Saved data entries

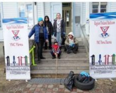
歐洲洲域 - Pärnu 聯青社, 愛沙尼亞
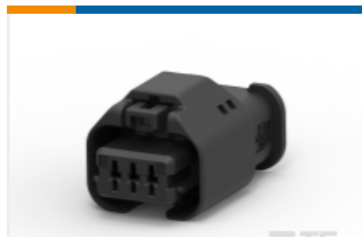
TE 零件编号1801178-9 3W RECEPTACLE HP CONNECTOR ORANGE
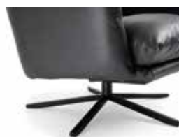
Sternfuß schwarz matt Star-shaped black matt
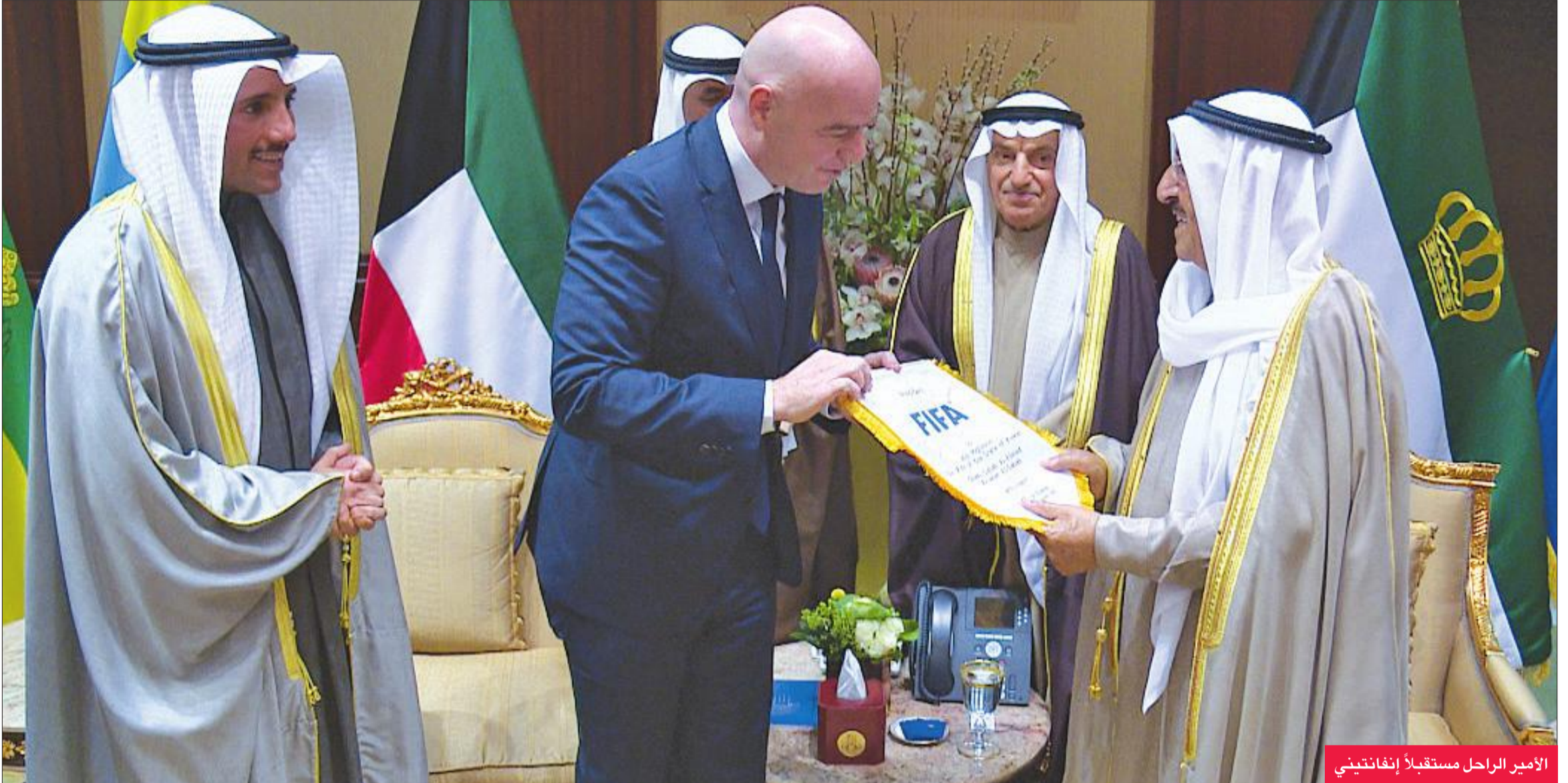
الأمير الراحل مستقبلاً إنفاثيني

نعت الاتحادات الكويتية سمو أمير البلاد الراحل الشيخ صباح الأحمد، مؤكدة أنه طوال مسيرته الحافلة كان الداعم الأول لها، وصاحب الأيدي البيضاء في كل المجالات.
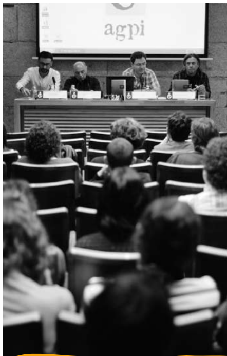
Presentación do Informe 2008 no VI Encontro de Ilustración

Encontro de Ilustración. A sexta edición do Encontro Galego de Ilustración, como de costume, decorreu no salón da Fundación Caixa Galicia de Santiago de Compostela, o derradeiro sábado de outubro de 2009. Contou nesta ocasión coa participación dos prestixiosos Max e Horacio Altuna como convidados especiais. Ambos ofreceron cadansúa interesantísima conferencia sobre os seus procesos creativos e traxectorias persoais —no caso de Max, apoiada nunha moi atinada proxección de traballos seus—, e despois participaron na mesa redonda que serviu para acompañar a presentación do Informe 2008 do Observatorio da Ilustración Gráfica, dado tamén o seu papel como presidentes de

### Instructions to follow
From the first line of the entries above down to the line holding "Presentación do Informe 2008 no", quote each line exactly and nothing else, skipping pictures.

### Result of this exercise
歐洲洲域 - Pärnu 聯青社, 愛沙尼亞
TE 零件编号1801178-9 3W RECEPTACLE HP CONNECTOR ORANGE
Sternfuß schwarz matt Star-shaped black matt
الأمير الراحل مستقبلاً إنفاثيني

نعت الاتحادات الكويتية سمو أمير البلاد الراحل الشيخ صباح الأحمد، مؤكدة أنه طوال مسيرته الحافلة كان الداعم الأول لها، وصاحب الأيدي البيضاء في كل المجالات.
Presentación do Informe 2008 no VI Encontro de Ilustración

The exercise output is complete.